Because it's hard to establish how the hidden layers work, neural networks are entitled to this black-box nature. In case of an error, it's challenging and time-consuming to interpret the attributes of neural networks, and more importantly – it’s expensive. That is the reason most banks do not take advantage of neural networks to predict whether an individual is creditworthy. Banks have concrete credit terms and are expected to substantiate their decisions on client proposals with records on property ownership, revenue streams, etc. Even if you invest the time and resources for visualizing neural networks, they are still not transparent enough for banks to fully and quickly access the cause-and-effect relationship between the input and output data and communicate it to the end customer. Such a solution would not simplify the estimation of creditworthiness arousing potential deterrents instead.

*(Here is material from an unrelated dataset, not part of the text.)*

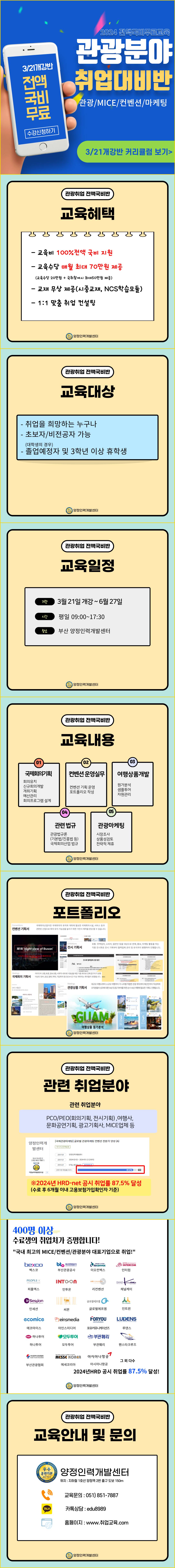 [부산] 전액국비로 관광분야 취업하자!(관광/마케팅/컨벤션 취준생 모집)

Many computer vision libraries make the advancement of neural networks moderately straightforward. However, in some cases, developers require more control over the details of the algorithm, which is complicated and takes much longer to establish. A neural network is additionally computationally expensive because of the computational power and training data the network requires.
ANNs indeed redefine the way deep learning develops. Understanding the fundamental nature of neural networks helps a great deal in apprehending deep learning-based AI projects, at large. In a nutshell, ANNs comprise smaller neurons - perceptrons, and each perceptron is responsible for a minor part of the computation that is processed throughout the network. ANNs stand behind some of the most major accomplishments such as self-driving cars, natural language processing, visual recognition, and many more. Though highly progressive and practical, ANNs still hold a lot of space for research and development. Considering the current activity in the field, it's safe to say the advancement of neural networks is very promising.